Tim Leissner, the Singapore-based chairman of Goldman Sachs’ Southeast Asia operations, has left the country on a leave of absence following allegations of bond sales from a state fund being paid directly to Malaysian Prime Minister Najib Razak.
The state fund — 1Malaysia Development Berhad (1MDB) — was set up with Leissner’s assistance in 2009 with the aim of expanding Kuala Lumpur and turning it into an economic hub. Goldman Sachs was paid high commissions for bond sales.
In early 2015, the fund missed $11 billion (£7.5 billion) of payments it owed to banks and bondholders. Despite this, $681 million (£470 million) was transferred into the Malaysian Prime Minister Najib Razak’s bank account from the fund by way of Saudi Arabia. The potential money-laundering allegations span 5 countries and are currently being investigated.
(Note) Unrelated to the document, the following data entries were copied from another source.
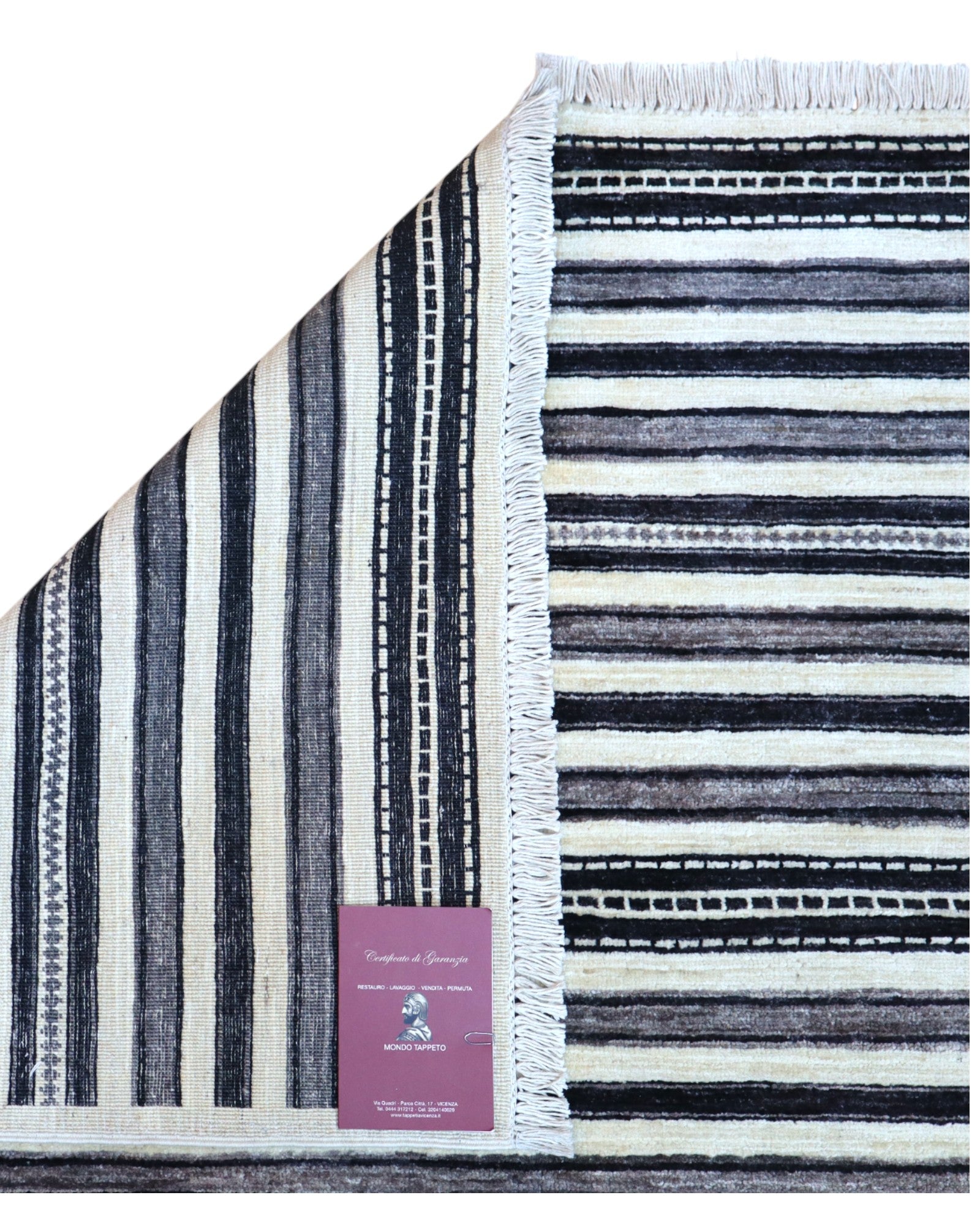 This modern rug is a true masterpiece of contemporary art and design . It was hand-knotted on a traditional loom by expert craftsmen [cite: 2025-06-14], with a durable cotton warp and weft and a pure wool pile dyed with vegetable dyes . This 198 x 150 cm creation exudes a unique charm and superior quality.
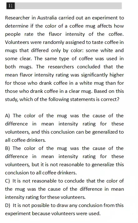 综合这两道例题,相信同学们已经能够掌握Sample Survey的要领了,弄清楚两个考点:1.generalize 2. cause and effect, 相信考试碰到这类的题目一定可以拿下!
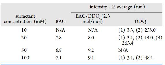 光子相關(guān)光譜(PCS)用于測定膠束的流體動力學(xué)直徑。BAC和BAQ/DDQ 2:3 mol/mol的PCS分布圖(圖1b)顯示了在相關(guān)濃度范圍內(nèi)的單峰分布,平均Z平均值和單峰分布表明存在橢球或球形膠束幾何結(jié)構(gòu)。DDQ呈現(xiàn)雙峰/三峰分布,表明膠束結(jié)構(gòu)具有較大的聚集數(shù)(表4)。這可以用具有徑向長度和軸向長度的圓柱形幾何體或與單分子或多分子囊泡平衡的球形膠束來解釋。28這兩種情況與早期DDQ熒光探針研究的結(jié)果一致,該研究觀察到膠束聚集數(shù)從20增加到86,濃度從10增加到81 mM。29
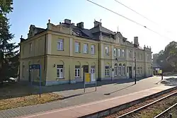 ![]() (2018, Straßenseite) Nałęczów, das Empfangsgebäude
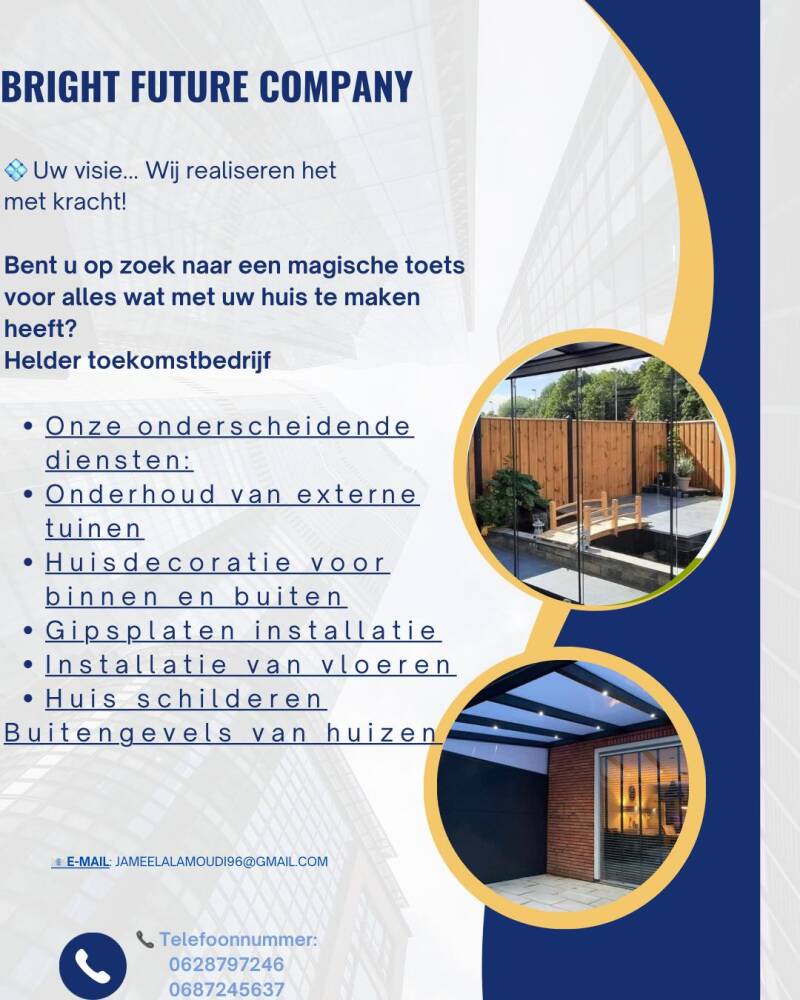 BRIGHT FUTURE COMPANY is een toonaangevend decoratiebedrijf in Amsterdam, Nederland. Met ons team van creatieve en professionele decorateurs streven we ernaar om unieke en stijlvolle decoraties te leveren die de verwachtingen overtreffen.
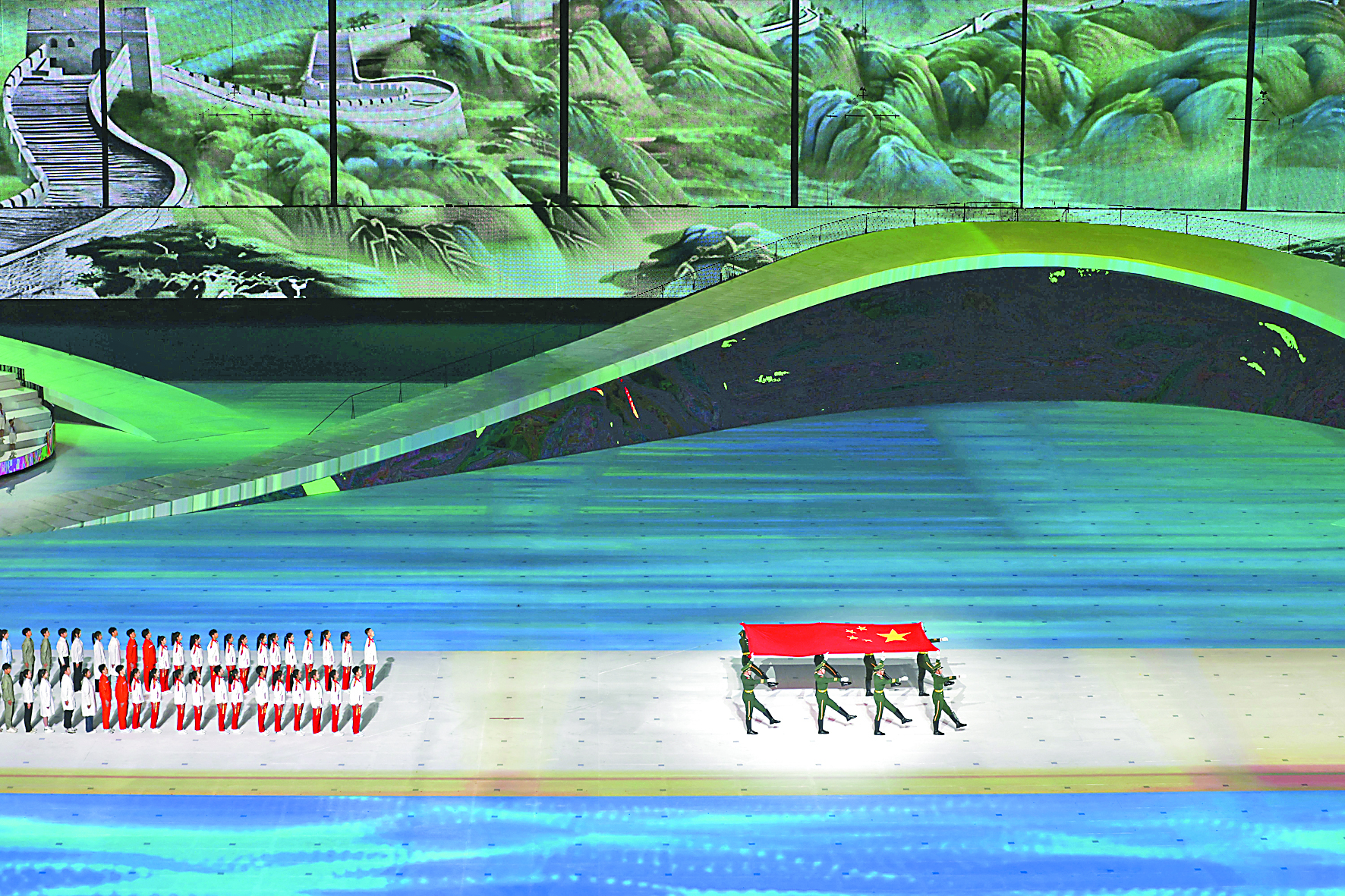 随后,主题为“在青春的赛道上”的文体展演拉开帷幕。文体展演包括《青春的山河》《青春的接力》《青春的奔跑》三个篇章和尾声《青春万岁》,将运动项目、体教元素、文艺元素与广西壮美山水、多彩民族、红色文化、开放发展等元素有机结合。尾声把绿色低碳的点火仪式与表演融合,并推出原创主题歌《以青春的名义》。
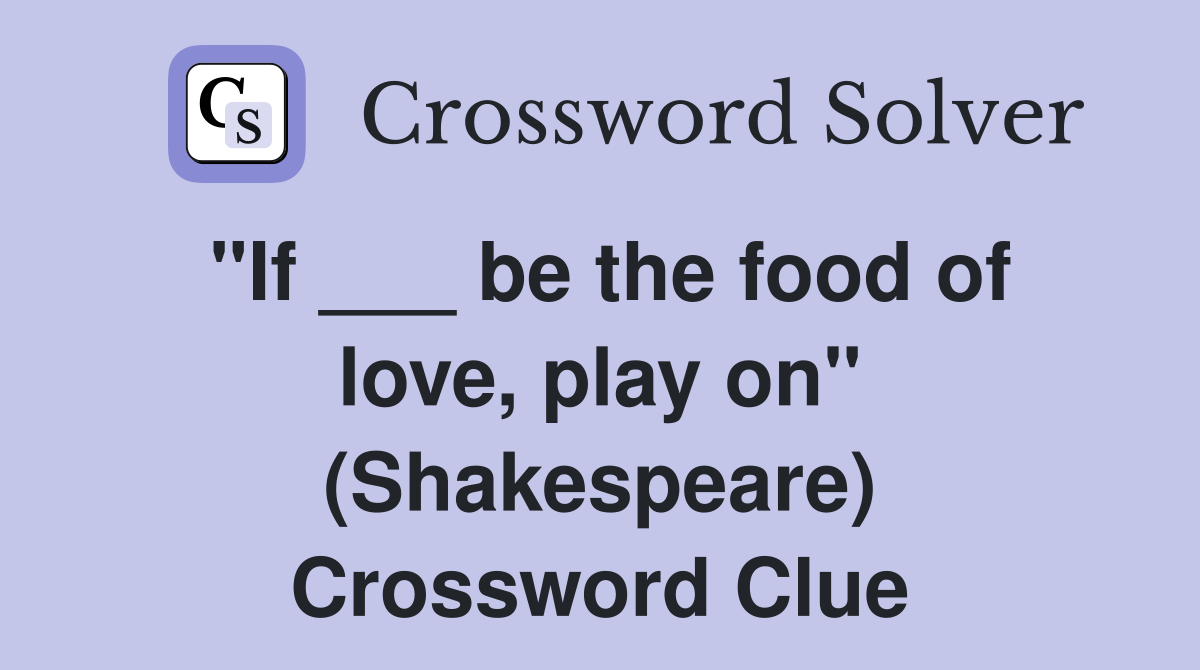 The food of love according to Shakespeare Crossword Clue Answers
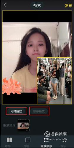 点击“边框”旁的“播放顺序”,进入播放顺序设置页面,可以设置不同视频是否同时播放或先后播放顺序。
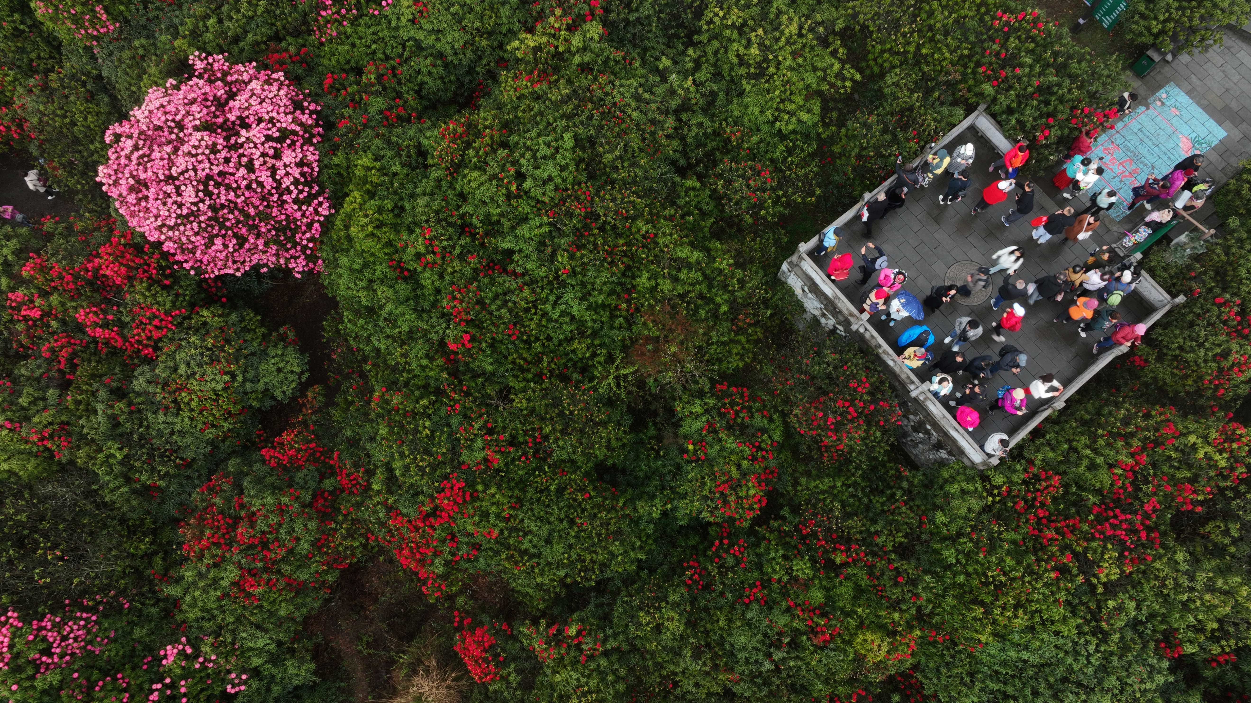 3月28日,游客在贵州省毕节市百里杜鹃风景区赏花(无人机照片)。新华社记者 杨楹 摄
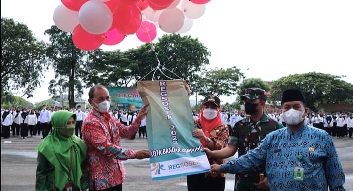 Bandar Lampung (sundalanews.com) – Walikota Bandar Lampung, Hj. Eva Dwiana memimpin Apel Siaga Registrasi Sosial Ekonomi (Regsosek) Tahun 2022 oleh BPS Bandar Lampung di Lapangan Korem 043 Garuda Hitam, Saburai Enggal, Jum’at (14/10/2022).
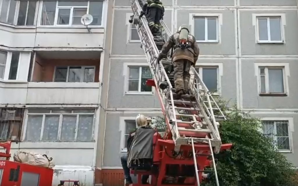 Прибывшие на место происшествия сотрудники МЧС с помощью автолестницы попали в квартиру о потушили остатки еды.
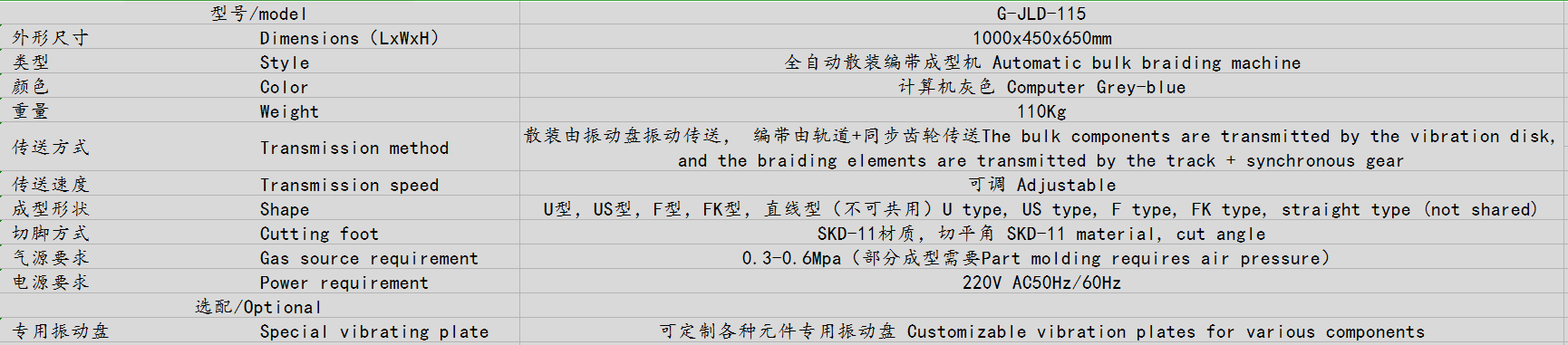 7.可成型U型(臥式),F型(立式)、直線型(三種形狀無法共用,訂購時需說明成型形狀),可自動分物料正負極,百分百分極性;
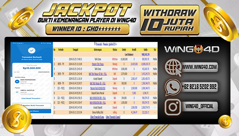 Bukti berikut merupakan salah satu komitmen WING4D untuk melayani seluruh member setia WING4D secara sungguh-sungguh, Dengan membayar Lunas seluruh kemenangan member secara Cepat, Tepat dan Akurat.
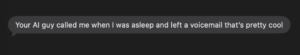 Although we had not programmed it directly to do so, the AI, to our surprise, gained an ability to leave voicemails:
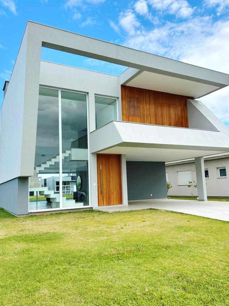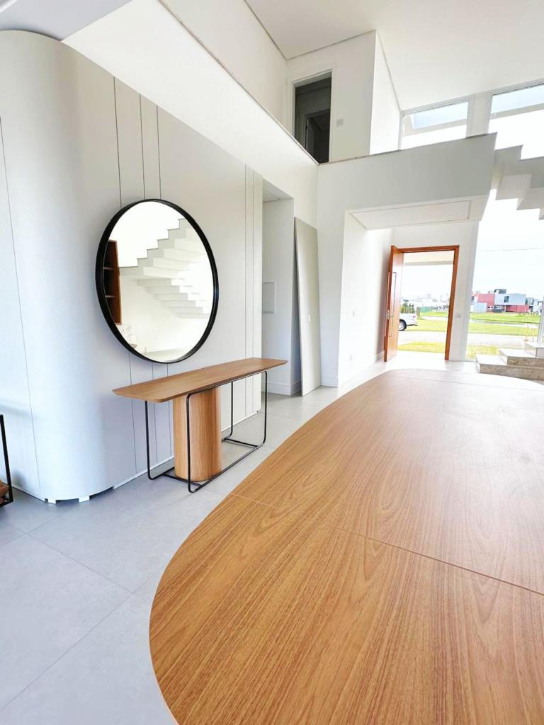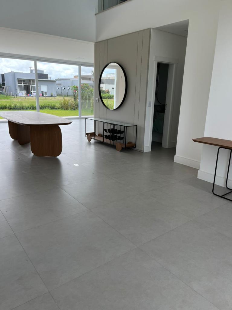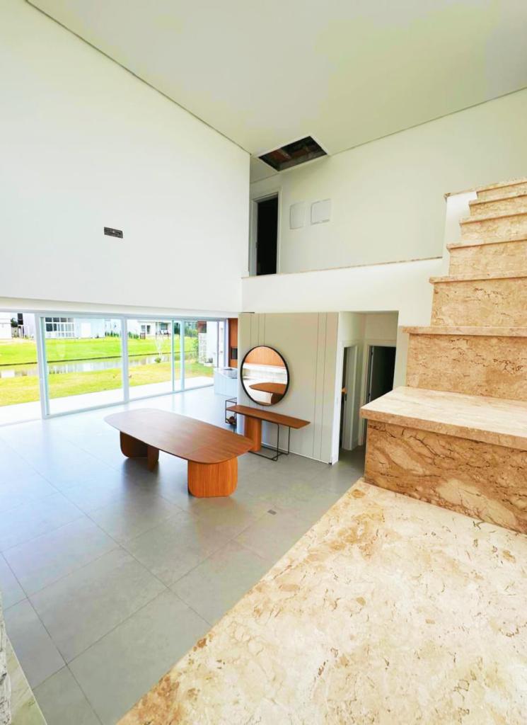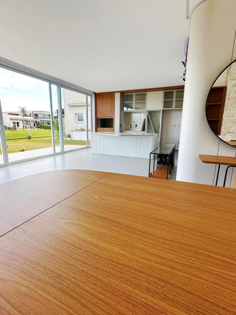 Excelente casa de quatro suítes, ampla sala de estar e jantar, lareira com revestimento, espaço gourmet com churrasqueira e piscina, semi mobiliada.
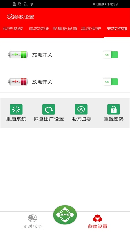⑤在充放控制界面,可以对充放电MOS管进行开关,还可以重置下设置密码
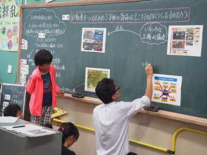 5年生は自動車の約3万個の部品をどのように作っているのかについて考える授業を行いました。
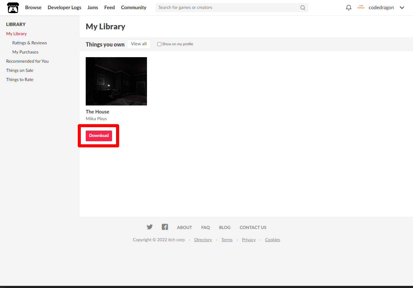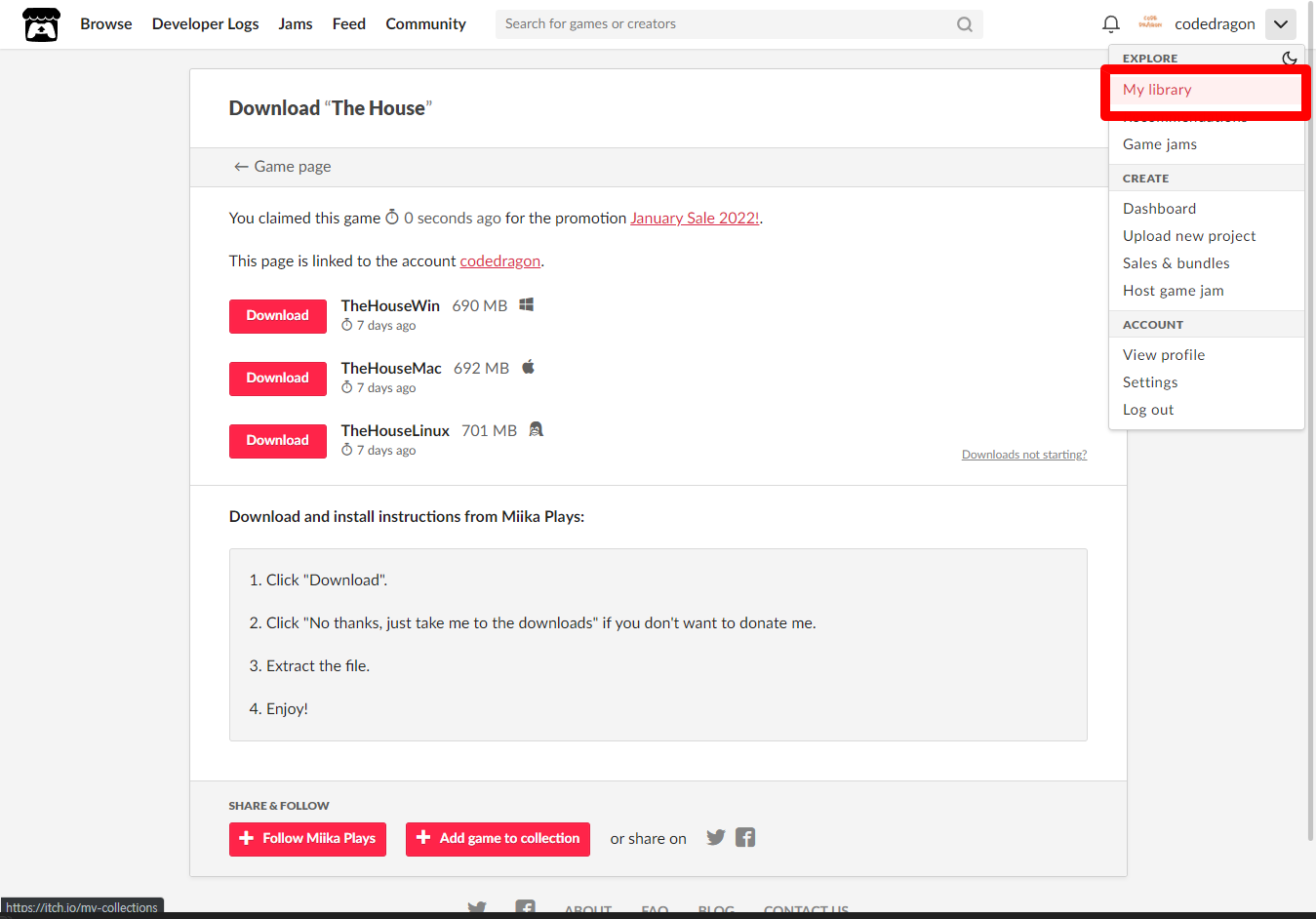 "My Lirary"에서 방금 받은 "The House" 게임 항목을 확인할 수 있습니다.

Goldman Sachs may have to face a congressional inquiry as a result.
The fund is being used as illustration of the perhaps too friendly relationship Goldman Sachs has with various governments.
The sum of three bond sales for 1MDB back in 2012 and 2013, totalling $6.5 billion, reportedly yielded fees, commissions and expenses for Goldman of almost $593 million, the equivalent of 9.1% of the money raised. The typical cut for an investment bank is about 5%.
Government officials want more answers on the source of the $681 million.
1MDB has been criticised in the past for borrowing as much as $11 billion to finance questionable acquisitions. More than half of this figure reportedly came from bond deals underwritten by Goldman Sachs.